Think about it. Just a few years ago, the idea of telecommuting was more a dream than a reality, partly because it was hard to do. For the telecommuter, working from home meant buying or borrowing a desktop or laptop, then fighting your way into the corporate database through VPN connections that were slow and frustrating. For the business, telecommuters meant more work for the IT Help Desk, and more spending on network switches and other gear.
Today that model has been flipped on its head, thanks much to Internet-friendly laptops and other mobile devices, but also to Internet-friendly cloud ERP (opens in new tab) software. In fact, for years conventional ERP locked people and organizations in to conventional thinking and planning because of the high costs of change. By contrast, cloud ERP gives us the freedom to move, whether it’s user telecommuting or organizational decentralization and, at a higher level, the freedom to find innovative solutions. Here are two examples:
Telecommuting ROI
Telecommuting used to be difficult for a business to cost-justify because of the increased expense in IT resources, as well as the potential losses in worker productivity. Today, thanks to Internet-enabled devices and cloud ERP architectures, it doesn’t take a week, a day, or a high-priced CPA to figure out the ROI for telecommuting users.

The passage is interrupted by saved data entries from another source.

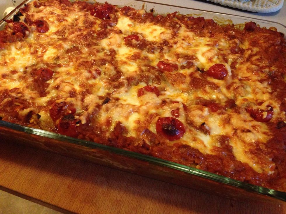 Spread out some of the the sauce at the bottom of an oven dish. On top of the sauce add lasagna noodles, cottage cheese, grated cheese and then another layer of sauce e.t.c.
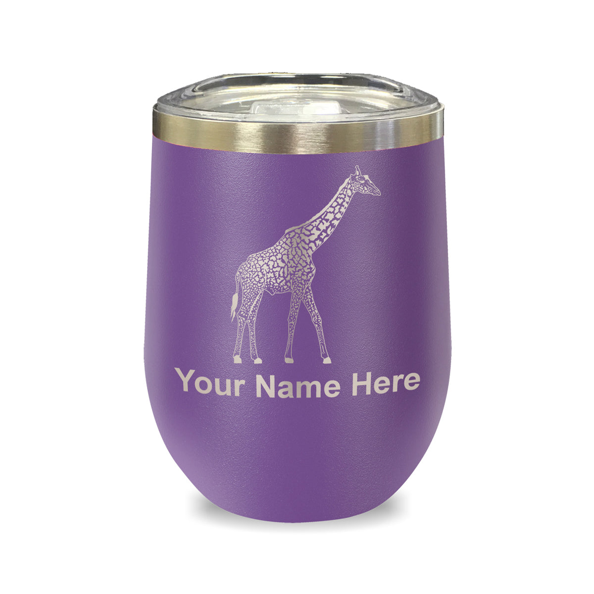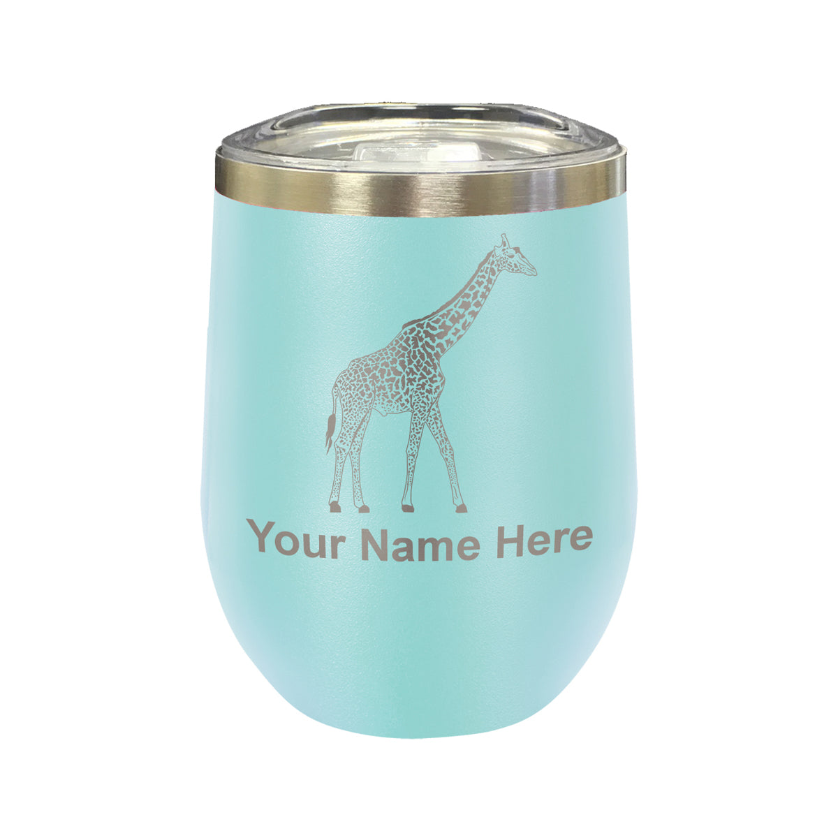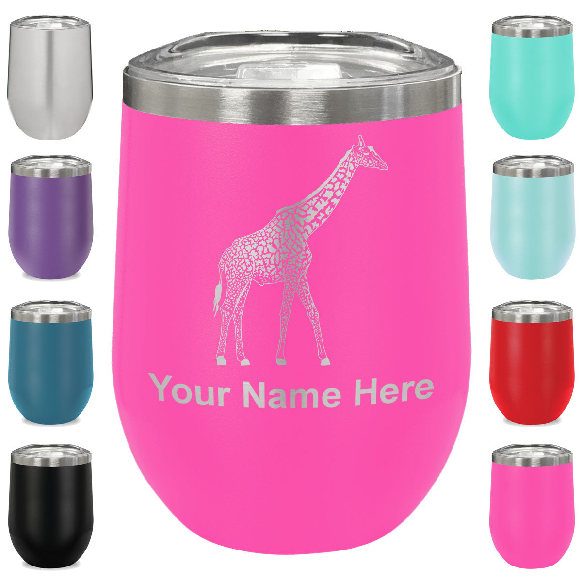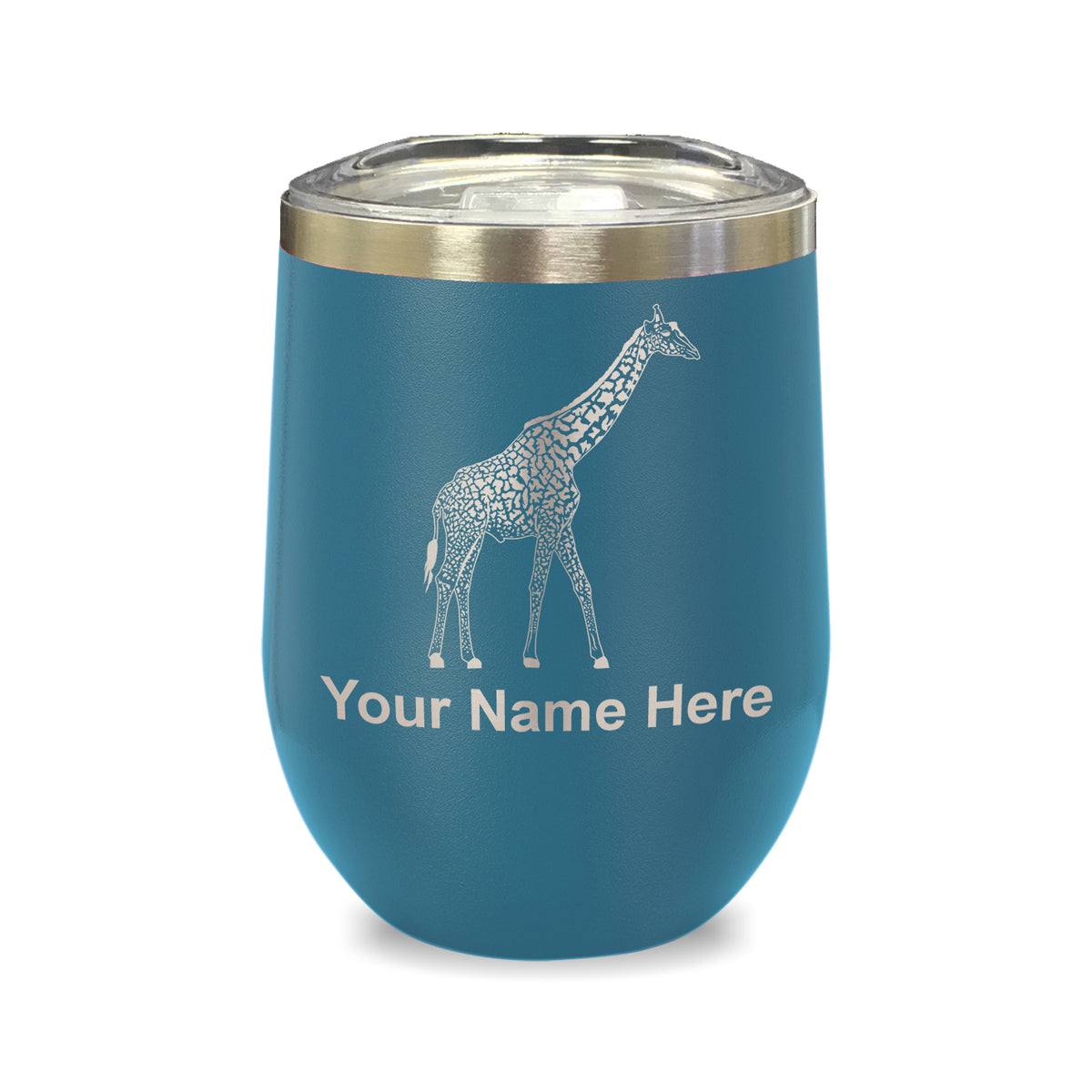 LaserGram Double Wall Stainless Steel Wine Glass, Giraffe, Personalized Engraving Included
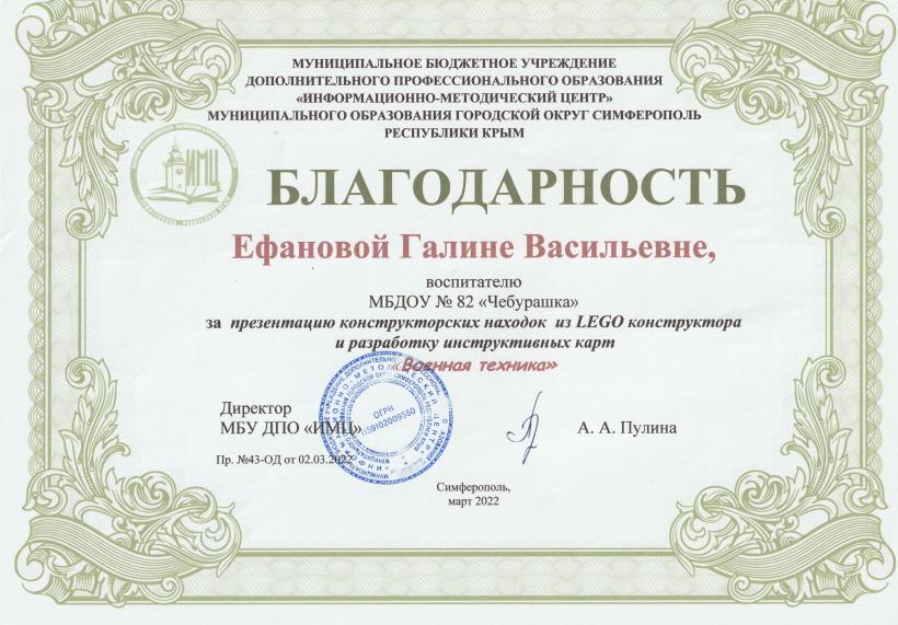 Муниципальное бюджетное дошкольное образовательное учреждение «Детский сад общеразвивающего вида №82 «Чебурашка» муниципального образования городской округ Симферополь Республики Крым
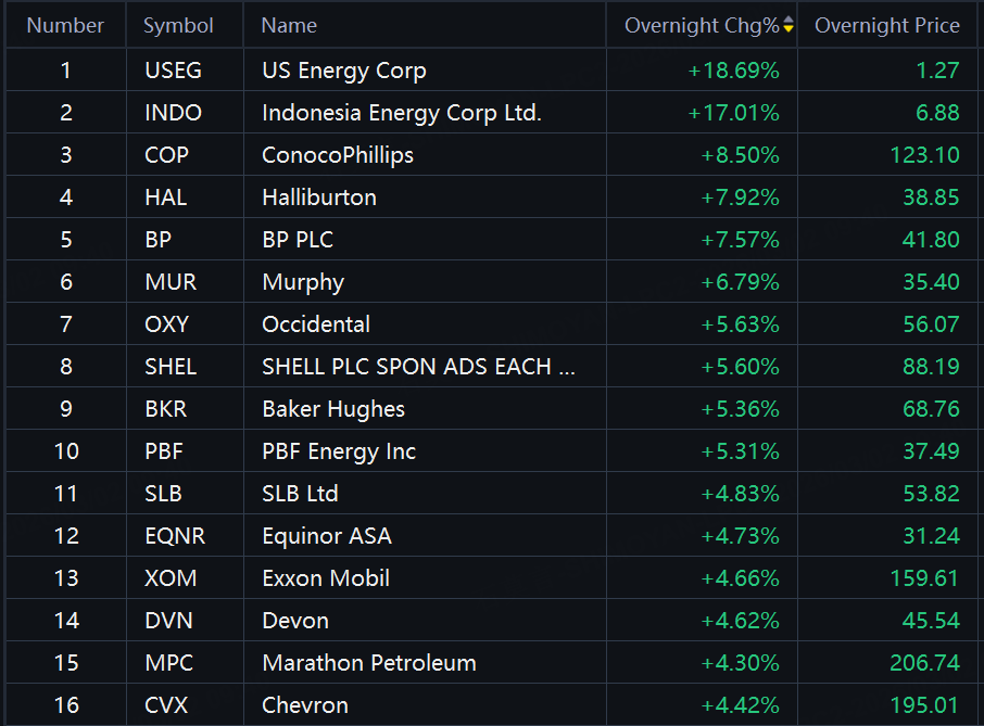 Oil stocks surged in overnight trading. US Energy up over 18%; Indonesia Energy up 17%; ConocoPhillips, Halliburton up around 8%; Occidental up over 5%.
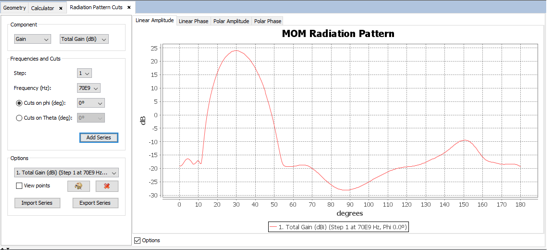 The radiation cuts can be visualized by clicking on Show Results - Radiation Pattern - View Cuts.
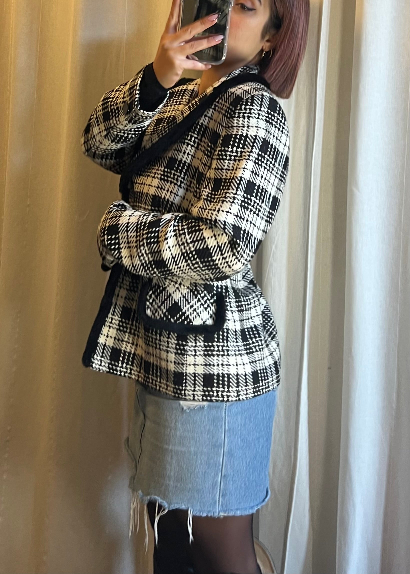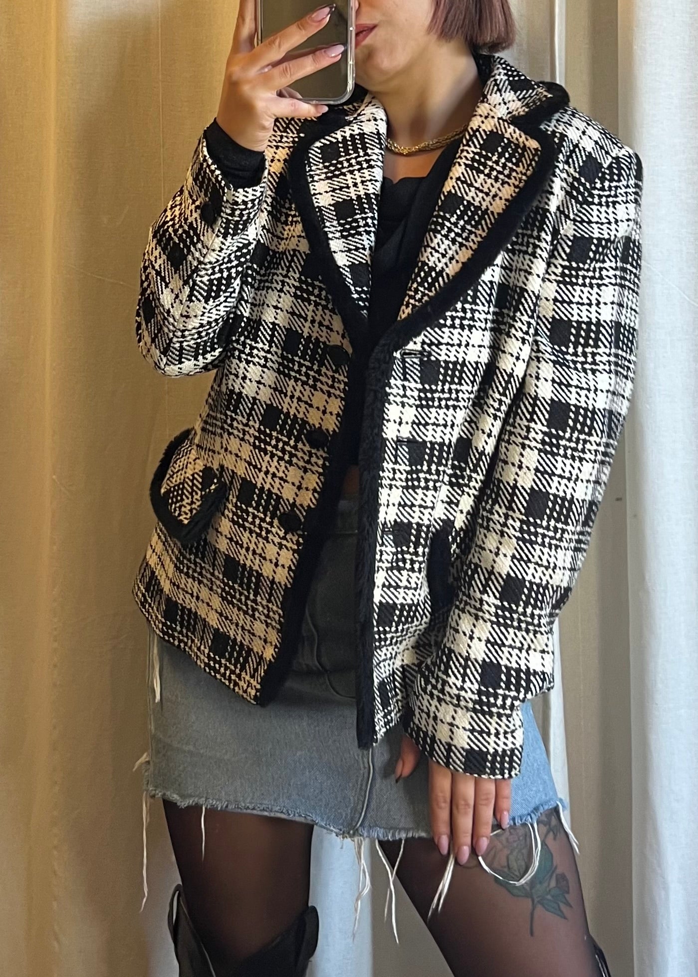 Blazer a quadri bianco e nero in lana, un capo strutturato ma femminile, perfetto per dare carattere a qualsiasi outfit.
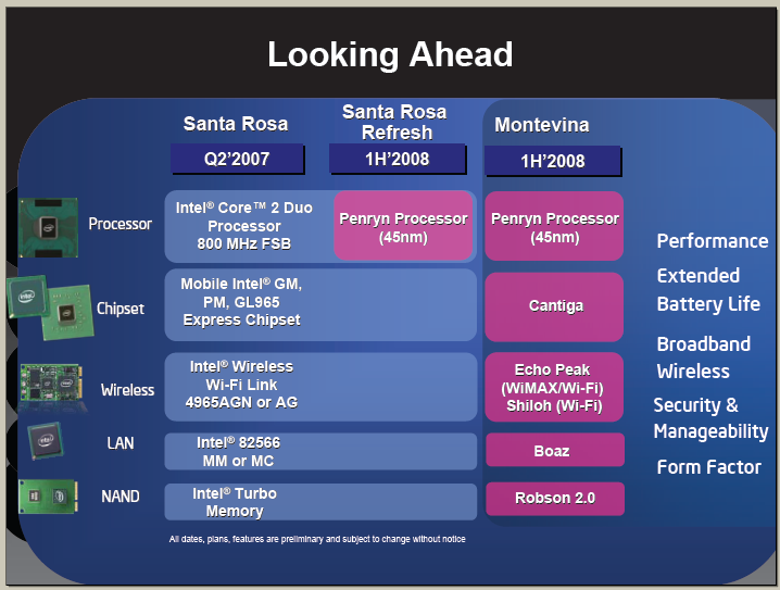 Ein sehr leichtes Aluminiumgehäuse, der Verzicht auf ein optisches Laufwerk, SSD-Speicher und vorallem Intels neue Notebookplattform Montevina (siehe Grafik oben) sollen zum Einsatz kommen. Diese kleine und stromsparende Bauteile würden im Endeffekt dieses Wunschkonzept realisierbar machen. Einziger Haken: Die Technik wird frühestens Mitte 2008 verfügbar sein, deswegen wird wahrscheinlich auch "nur" ein Prototyp gezeigt .
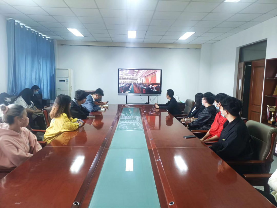 5月10日上午10点,至尊国际 副书记兼副院长李彦磊、团委书记兼学工办主任高雪冬、全体辅导员及部分学生代表在至尊国际 B517会议室共同观看“庆祝中国共产主义青年团成立100周年大会”的直播。
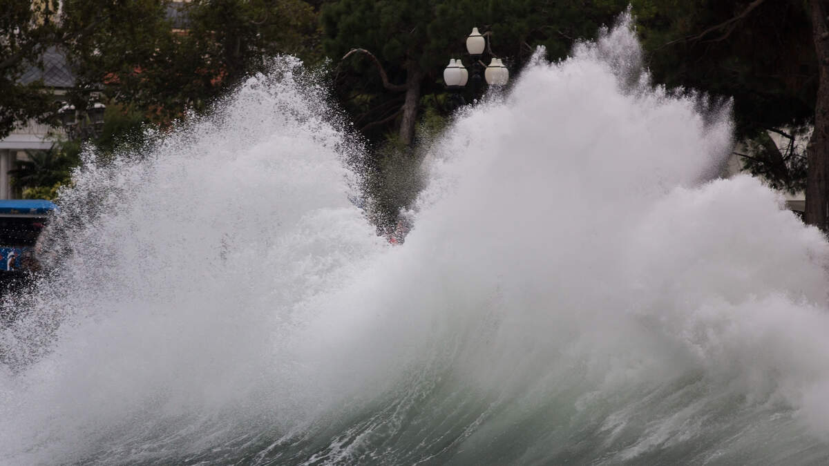 Mike Bettes, the host of Weather Underground on The Weather Channel, posted "rare" footage of a dangerous storm surge sweeping through Fort Myers Beach, Florida. The meteorologist says the camera is six feet off the ground on Estero Boulevard. Video shows huge waves battering the camera as trees and poles waver from the hurricane-force winds.
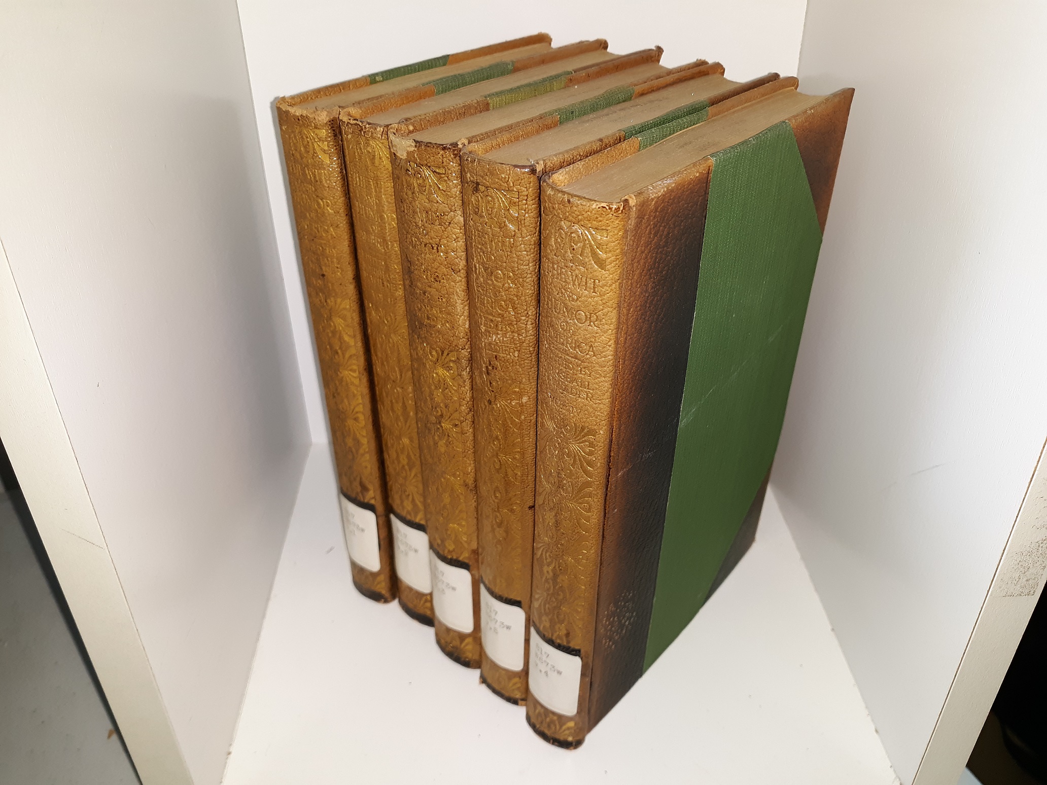 5 fair condition, 3/4 leather, ex-library hardcovers with no dust jackets. The covers have some pieces torn off, tears, scratches, scuffing, fraying, discoloration, and the spines have ex-library stickers, and marker marks. The page edges have ink stamps, small tears, some stains, or creases. Some pages have ex-library ink stamps, stickers, or adhesive residue. The flyleaves have some writing in pencil and eraser marks.

The Louisiana Advocacy Center, a NetSuite customer, is a vivid example of how telecommuting can benefit an organization.
The center originally brought in NetSuite following Hurricane Katrina, because it didn’t want to risk losing conventional network connections in the event of another large-scale emergency. What they didn’t foresee, however, was having to deal with a six-month renovation of the center’s New Orleans headquarters. With a conventional ERP setup, they would have had to rent temporary office space, costing a minimum of $60,000. Instead, the Advocacy Center instead set up a telecommuting operation, with staffers working out of their homes or other branch offices.
Decentralizing Business
Want to take user mobility a step further, to include remote branch offices? Fine. Same rules apply. Setting up a new branch office used to be a major hassle and a major expense, and the more remote in terms of geography, the more challenging. Again, the business has to determine if the time and expense—for setting up servers, extending networks, and finding, hiring and training staff—are justifiable based on the potential increase in business. Today, thanks to Internet-friendly devices and cloud ERP, it’s much simpler to achieve a positive ROI.
And because cloud ERP isn’t limited by geography, it can mean more than just saving time and money—it can help a company develop a global footprint that would have been impossible with conventional ERP.
An example is Sundia Corporation (opens in new tab), a multimillion-dollar fresh produce brand based in Oakland, California. With customer support in the Philippines, accounting in India and the executive team in California, Sundia needed to get operations up quickly while maintaining an efficient ongoing cost structure. It went to cloud ERP so its personnel around the globe can access, manage and even innovate with the ERP system in real time.
Brad Oberwager, Founder, Chairman and CEO, observes that Sundia’s organizational structure would have been untenable with conventional, centralized ERP. “We simply wouldn’t be in business with the old way,” he says.